▼

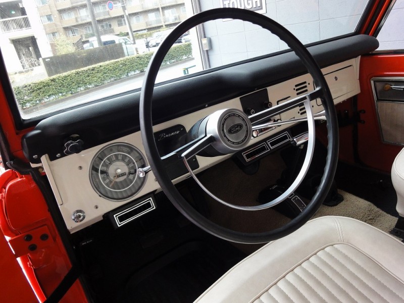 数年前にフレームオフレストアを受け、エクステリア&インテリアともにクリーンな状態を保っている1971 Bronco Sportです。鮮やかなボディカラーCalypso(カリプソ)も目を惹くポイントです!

▲
▼

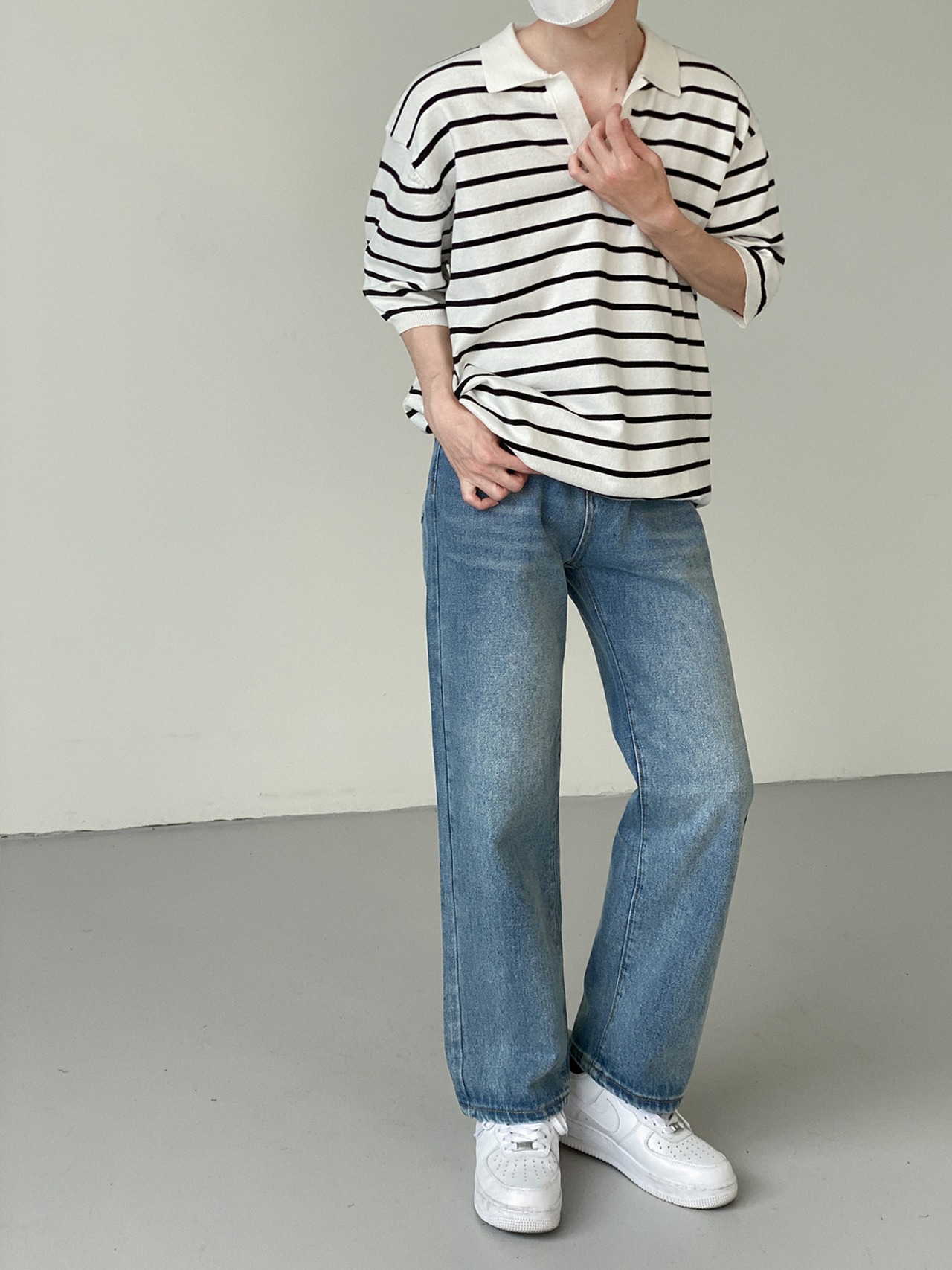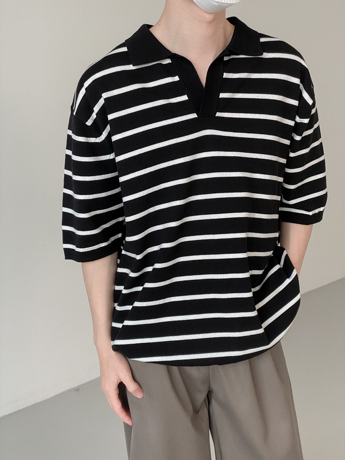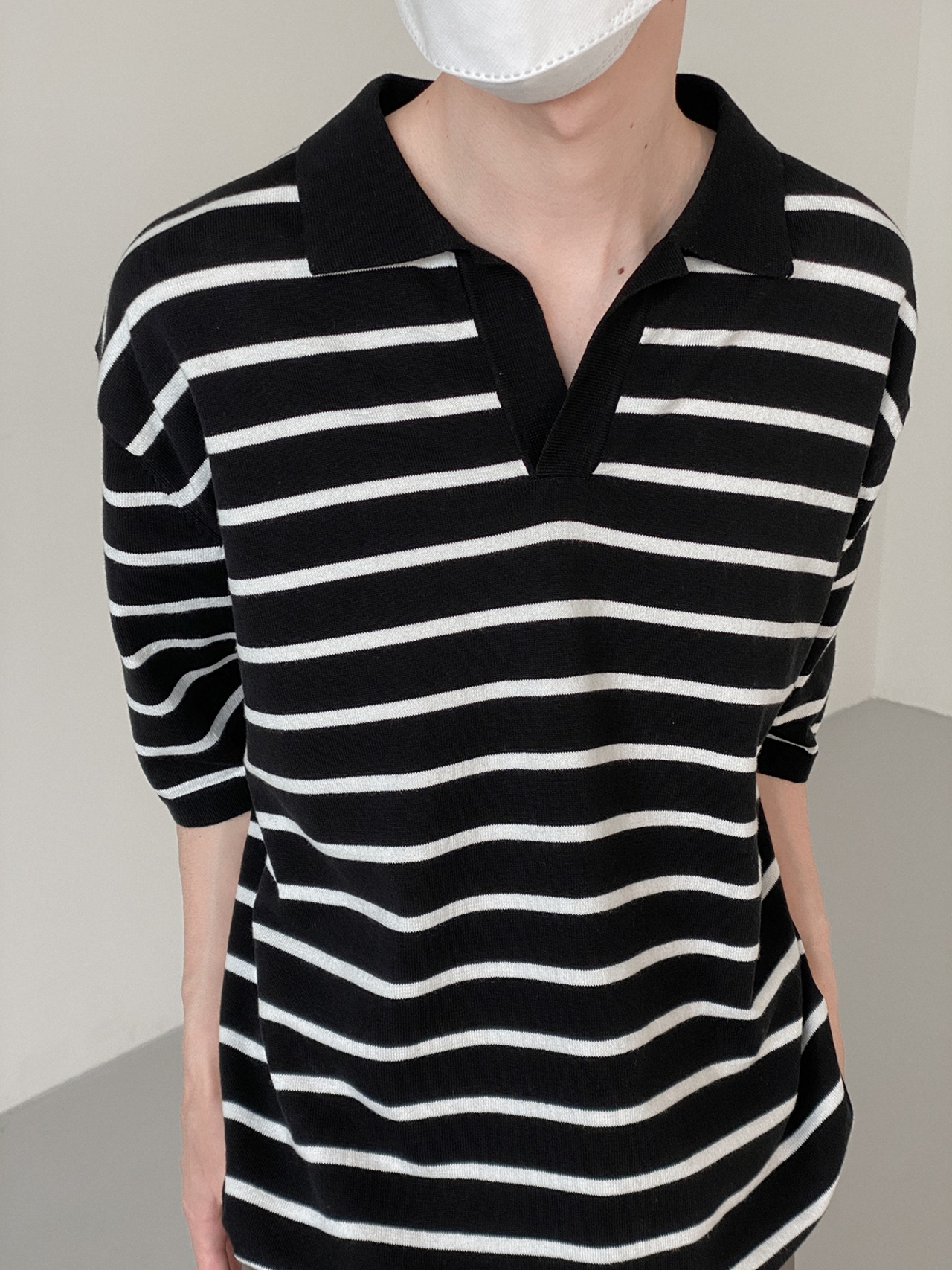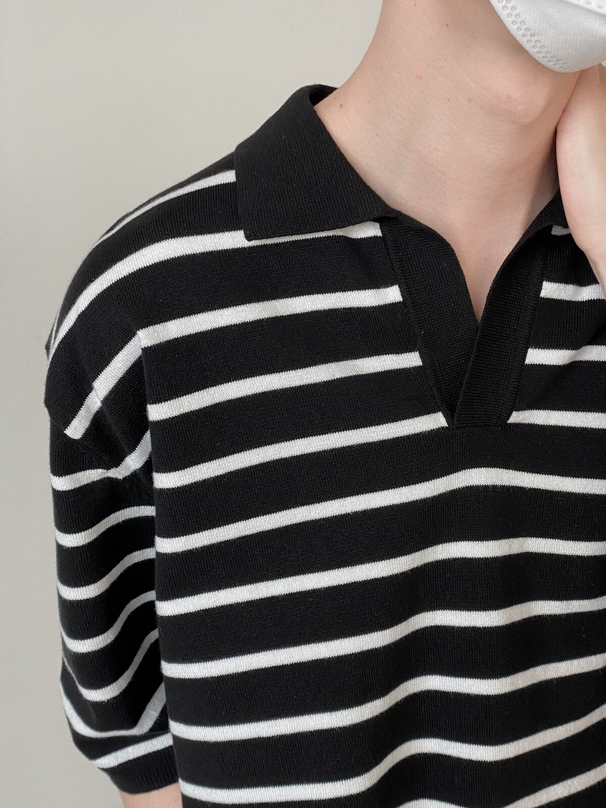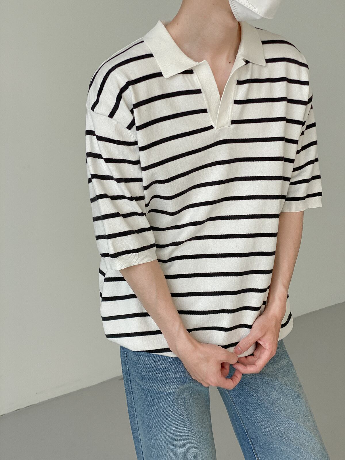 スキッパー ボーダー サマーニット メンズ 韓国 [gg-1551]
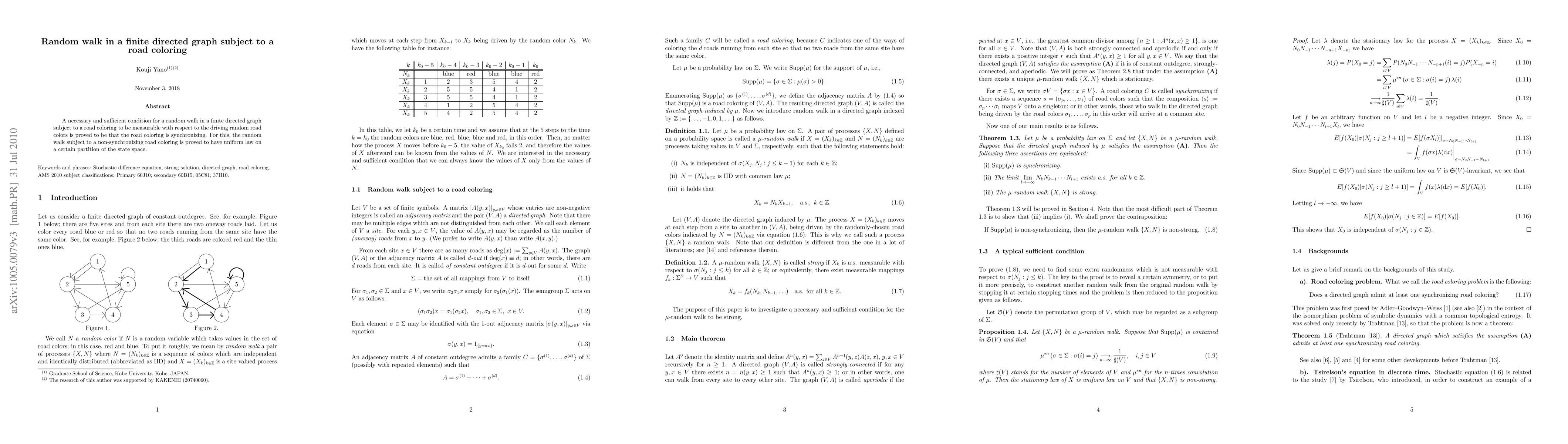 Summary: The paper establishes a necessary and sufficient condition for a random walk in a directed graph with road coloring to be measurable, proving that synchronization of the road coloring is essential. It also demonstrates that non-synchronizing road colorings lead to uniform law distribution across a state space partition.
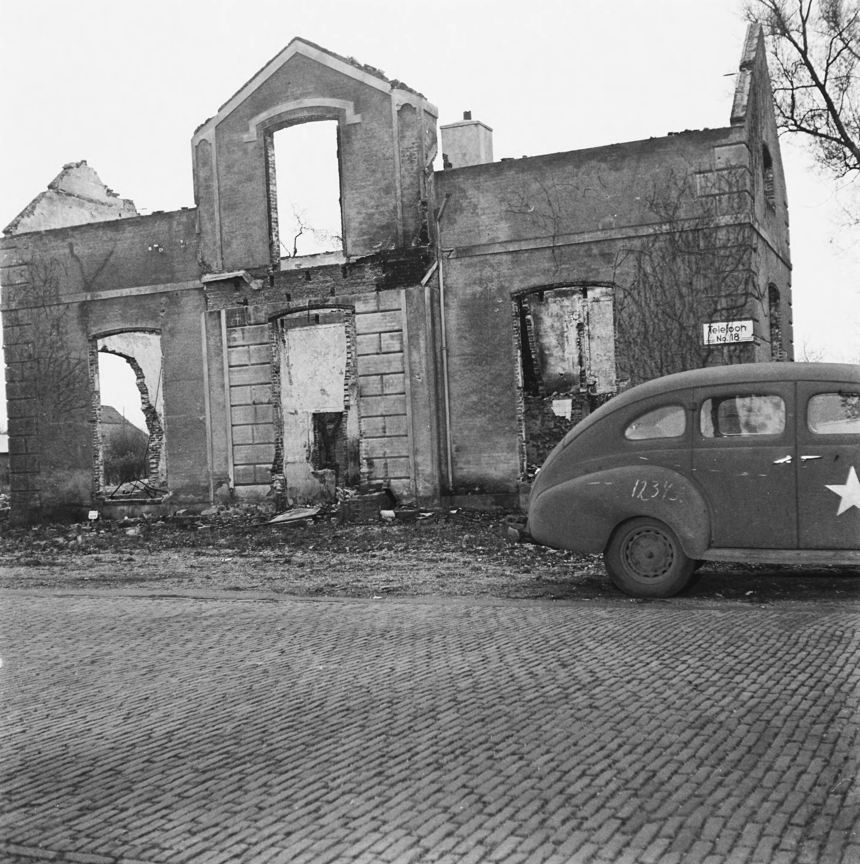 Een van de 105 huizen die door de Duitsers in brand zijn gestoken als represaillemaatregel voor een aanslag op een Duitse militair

▲
▼

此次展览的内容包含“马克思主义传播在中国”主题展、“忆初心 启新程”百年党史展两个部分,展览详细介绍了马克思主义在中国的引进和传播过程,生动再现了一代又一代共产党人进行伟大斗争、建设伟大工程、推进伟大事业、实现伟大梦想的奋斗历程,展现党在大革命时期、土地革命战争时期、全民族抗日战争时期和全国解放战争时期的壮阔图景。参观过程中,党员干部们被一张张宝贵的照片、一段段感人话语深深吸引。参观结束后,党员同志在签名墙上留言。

▲

In the listing above, the required lines run from the line with "スキッパー ボーダー サマーニット メンズ 韓国 [gg-1551]" through the line with "Een van de 105". Output exactly those lines, omitting pictures.

RESPONSE FOR THIS EXERCISE –
 スキッパー ボーダー サマーニット メンズ 韓国 [gg-1551]
 Summary: The paper establishes a necessary and sufficient condition for a random walk in a directed graph with road coloring to be measurable, proving that synchronization of the road coloring is essential. It also demonstrates that non-synchronizing road colorings lead to uniform law distribution across a state space partition.
 Een van de 105 huizen die door de Duitsers in brand zijn gestoken als represaillemaatregel voor een aanslag op een Duitse militair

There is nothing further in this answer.